ACTIVITY: For each line of the data below, test for "Black". Report only the number of lines that pass.

(Dataset excerpts)
+++++

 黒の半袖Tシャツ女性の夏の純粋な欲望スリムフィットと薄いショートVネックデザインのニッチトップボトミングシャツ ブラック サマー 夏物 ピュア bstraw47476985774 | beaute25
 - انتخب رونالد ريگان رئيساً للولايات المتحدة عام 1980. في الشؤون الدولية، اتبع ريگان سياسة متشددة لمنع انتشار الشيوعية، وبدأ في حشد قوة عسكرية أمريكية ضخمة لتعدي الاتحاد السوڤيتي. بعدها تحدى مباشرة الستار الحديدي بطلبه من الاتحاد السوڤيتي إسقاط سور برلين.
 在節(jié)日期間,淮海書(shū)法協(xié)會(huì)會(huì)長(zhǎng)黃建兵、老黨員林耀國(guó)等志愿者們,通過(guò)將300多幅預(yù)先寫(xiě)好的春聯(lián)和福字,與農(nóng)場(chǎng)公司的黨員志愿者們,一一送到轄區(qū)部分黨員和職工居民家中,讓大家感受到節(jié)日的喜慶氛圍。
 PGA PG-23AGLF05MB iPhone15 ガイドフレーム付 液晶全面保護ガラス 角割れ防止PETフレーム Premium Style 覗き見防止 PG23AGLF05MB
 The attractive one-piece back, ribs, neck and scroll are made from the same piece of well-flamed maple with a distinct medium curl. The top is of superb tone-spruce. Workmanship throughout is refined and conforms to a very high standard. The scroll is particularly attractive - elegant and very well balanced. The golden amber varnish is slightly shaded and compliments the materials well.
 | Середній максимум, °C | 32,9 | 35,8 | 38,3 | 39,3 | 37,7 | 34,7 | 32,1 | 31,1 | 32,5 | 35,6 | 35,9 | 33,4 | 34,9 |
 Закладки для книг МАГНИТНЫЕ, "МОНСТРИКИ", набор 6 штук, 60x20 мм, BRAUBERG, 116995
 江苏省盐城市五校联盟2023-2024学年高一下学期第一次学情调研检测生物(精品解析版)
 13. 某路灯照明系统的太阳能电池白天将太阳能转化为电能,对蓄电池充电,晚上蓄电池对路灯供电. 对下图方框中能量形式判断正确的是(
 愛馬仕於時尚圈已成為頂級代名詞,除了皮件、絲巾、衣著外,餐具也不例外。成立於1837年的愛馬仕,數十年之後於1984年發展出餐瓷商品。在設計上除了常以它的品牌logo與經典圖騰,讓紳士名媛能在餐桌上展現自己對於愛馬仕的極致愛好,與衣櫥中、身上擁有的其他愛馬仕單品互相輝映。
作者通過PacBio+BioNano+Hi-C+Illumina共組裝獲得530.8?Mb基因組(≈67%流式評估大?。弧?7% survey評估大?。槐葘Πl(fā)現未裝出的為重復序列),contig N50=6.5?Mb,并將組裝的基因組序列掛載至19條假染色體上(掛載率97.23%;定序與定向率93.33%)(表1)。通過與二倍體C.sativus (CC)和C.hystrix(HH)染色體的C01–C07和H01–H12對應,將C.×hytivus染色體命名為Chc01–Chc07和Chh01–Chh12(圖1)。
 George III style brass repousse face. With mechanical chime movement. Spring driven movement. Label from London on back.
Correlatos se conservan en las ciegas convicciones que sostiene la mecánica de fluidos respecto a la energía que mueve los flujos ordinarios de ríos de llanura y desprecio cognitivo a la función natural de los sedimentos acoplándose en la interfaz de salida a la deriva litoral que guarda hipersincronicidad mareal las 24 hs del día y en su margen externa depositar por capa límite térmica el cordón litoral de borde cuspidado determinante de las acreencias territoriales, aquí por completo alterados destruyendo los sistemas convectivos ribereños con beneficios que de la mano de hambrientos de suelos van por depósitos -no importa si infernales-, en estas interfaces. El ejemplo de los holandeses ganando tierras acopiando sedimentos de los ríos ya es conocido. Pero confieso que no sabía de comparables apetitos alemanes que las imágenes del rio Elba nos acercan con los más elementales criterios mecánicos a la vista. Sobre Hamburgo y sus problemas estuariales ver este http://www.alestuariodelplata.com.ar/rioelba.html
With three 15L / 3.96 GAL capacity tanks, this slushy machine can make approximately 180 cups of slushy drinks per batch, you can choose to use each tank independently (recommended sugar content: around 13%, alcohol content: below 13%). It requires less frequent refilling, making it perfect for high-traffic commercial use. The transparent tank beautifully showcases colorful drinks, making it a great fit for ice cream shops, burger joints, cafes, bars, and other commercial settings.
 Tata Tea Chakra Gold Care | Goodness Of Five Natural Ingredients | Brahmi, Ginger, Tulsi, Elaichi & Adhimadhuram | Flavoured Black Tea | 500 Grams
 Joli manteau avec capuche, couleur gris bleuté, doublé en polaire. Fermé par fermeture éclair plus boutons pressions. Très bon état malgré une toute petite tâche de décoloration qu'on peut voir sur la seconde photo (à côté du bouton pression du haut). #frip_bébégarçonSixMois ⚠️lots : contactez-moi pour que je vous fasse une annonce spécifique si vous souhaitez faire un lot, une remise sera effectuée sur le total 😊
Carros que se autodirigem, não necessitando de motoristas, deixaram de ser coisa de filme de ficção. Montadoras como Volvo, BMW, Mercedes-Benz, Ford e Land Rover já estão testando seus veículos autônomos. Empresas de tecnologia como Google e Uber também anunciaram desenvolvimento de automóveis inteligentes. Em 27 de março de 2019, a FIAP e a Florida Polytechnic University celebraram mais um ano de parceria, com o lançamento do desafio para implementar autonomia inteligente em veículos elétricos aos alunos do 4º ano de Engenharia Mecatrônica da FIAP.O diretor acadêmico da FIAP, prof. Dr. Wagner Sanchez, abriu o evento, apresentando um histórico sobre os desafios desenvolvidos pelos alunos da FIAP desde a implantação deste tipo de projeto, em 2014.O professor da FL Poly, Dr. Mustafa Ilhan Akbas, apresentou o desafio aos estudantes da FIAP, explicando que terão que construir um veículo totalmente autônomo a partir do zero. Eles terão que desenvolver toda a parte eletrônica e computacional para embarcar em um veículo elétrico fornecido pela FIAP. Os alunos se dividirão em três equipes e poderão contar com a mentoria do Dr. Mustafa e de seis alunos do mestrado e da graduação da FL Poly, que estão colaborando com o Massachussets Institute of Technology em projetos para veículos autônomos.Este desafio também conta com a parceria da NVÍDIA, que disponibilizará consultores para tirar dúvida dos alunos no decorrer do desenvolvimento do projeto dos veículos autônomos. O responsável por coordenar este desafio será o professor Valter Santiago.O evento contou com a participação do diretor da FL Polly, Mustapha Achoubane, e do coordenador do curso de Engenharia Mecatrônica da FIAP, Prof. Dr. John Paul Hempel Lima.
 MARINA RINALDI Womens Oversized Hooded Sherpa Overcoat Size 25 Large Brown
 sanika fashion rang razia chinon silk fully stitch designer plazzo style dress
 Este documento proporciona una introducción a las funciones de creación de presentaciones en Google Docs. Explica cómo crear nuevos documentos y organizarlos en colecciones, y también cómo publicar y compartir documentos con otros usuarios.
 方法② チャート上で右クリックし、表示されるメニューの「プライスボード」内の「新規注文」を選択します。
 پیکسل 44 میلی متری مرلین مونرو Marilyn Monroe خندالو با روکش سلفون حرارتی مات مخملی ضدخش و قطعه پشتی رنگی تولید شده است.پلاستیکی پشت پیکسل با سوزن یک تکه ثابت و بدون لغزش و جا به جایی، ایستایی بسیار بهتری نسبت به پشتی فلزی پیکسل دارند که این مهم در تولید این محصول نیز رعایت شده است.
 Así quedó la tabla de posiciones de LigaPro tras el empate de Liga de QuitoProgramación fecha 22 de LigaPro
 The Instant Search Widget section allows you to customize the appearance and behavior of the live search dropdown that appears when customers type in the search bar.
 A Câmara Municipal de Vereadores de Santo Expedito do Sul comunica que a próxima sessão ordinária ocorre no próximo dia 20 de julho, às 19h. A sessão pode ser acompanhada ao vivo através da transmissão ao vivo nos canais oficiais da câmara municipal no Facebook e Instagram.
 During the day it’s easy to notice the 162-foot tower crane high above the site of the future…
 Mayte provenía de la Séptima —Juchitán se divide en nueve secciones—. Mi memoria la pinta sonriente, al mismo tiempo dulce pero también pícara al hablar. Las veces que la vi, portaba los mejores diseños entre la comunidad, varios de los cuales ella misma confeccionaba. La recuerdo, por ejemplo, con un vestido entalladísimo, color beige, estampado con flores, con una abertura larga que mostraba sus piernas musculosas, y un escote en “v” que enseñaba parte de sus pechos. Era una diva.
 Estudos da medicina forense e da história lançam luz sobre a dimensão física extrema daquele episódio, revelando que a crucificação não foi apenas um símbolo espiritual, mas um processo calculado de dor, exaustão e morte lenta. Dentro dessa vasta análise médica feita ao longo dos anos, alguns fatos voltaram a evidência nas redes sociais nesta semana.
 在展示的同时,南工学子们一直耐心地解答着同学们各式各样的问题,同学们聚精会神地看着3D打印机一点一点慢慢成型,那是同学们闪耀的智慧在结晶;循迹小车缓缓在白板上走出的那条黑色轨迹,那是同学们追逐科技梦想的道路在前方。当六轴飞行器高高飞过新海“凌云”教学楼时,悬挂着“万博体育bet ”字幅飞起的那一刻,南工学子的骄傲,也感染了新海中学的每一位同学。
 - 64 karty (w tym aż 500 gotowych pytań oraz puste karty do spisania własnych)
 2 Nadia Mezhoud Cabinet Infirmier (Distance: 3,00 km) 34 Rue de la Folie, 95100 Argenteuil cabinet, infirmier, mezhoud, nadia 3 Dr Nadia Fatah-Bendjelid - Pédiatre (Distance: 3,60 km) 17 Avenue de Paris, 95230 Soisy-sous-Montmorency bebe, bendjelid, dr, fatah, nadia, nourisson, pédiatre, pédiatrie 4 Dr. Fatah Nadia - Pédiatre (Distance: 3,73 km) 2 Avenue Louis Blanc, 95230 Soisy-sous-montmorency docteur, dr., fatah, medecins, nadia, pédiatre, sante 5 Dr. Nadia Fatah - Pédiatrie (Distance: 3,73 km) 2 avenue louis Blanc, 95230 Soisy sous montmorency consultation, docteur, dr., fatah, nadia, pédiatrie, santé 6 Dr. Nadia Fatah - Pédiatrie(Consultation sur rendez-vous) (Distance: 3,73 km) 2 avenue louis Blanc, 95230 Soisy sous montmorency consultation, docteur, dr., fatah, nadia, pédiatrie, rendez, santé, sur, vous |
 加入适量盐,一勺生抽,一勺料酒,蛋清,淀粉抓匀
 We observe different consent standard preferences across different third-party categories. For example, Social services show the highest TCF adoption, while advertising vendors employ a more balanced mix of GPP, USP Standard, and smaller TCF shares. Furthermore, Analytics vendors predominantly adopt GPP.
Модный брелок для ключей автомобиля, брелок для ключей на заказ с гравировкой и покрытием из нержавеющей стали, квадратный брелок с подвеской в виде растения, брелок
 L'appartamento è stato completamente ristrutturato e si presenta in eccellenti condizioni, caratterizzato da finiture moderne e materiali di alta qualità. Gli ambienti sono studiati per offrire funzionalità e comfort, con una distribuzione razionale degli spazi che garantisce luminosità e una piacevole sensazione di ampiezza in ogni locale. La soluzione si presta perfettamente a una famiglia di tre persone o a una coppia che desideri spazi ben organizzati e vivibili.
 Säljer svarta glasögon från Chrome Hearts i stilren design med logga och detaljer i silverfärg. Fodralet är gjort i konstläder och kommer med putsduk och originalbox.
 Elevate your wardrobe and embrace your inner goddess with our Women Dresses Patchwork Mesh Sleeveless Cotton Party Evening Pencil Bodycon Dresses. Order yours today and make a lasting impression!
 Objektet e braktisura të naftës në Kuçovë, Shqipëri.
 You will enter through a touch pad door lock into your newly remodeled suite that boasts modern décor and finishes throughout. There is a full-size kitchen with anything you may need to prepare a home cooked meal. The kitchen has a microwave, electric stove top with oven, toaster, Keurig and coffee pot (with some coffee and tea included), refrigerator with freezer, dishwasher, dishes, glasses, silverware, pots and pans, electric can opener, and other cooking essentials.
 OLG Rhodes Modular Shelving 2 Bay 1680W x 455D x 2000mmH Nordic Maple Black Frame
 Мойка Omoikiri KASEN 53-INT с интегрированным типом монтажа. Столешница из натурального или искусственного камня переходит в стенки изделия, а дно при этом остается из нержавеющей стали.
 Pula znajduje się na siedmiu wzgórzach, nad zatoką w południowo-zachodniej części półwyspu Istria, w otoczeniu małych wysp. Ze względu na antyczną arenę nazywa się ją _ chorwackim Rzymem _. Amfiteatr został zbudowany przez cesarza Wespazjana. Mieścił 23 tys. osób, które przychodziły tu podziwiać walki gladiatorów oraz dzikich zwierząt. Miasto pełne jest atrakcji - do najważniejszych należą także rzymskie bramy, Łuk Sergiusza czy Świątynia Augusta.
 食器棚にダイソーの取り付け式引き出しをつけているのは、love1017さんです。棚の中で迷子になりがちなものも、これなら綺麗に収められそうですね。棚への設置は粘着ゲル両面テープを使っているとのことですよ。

+++++

SOLUTION TO THIS EXERCISE: 2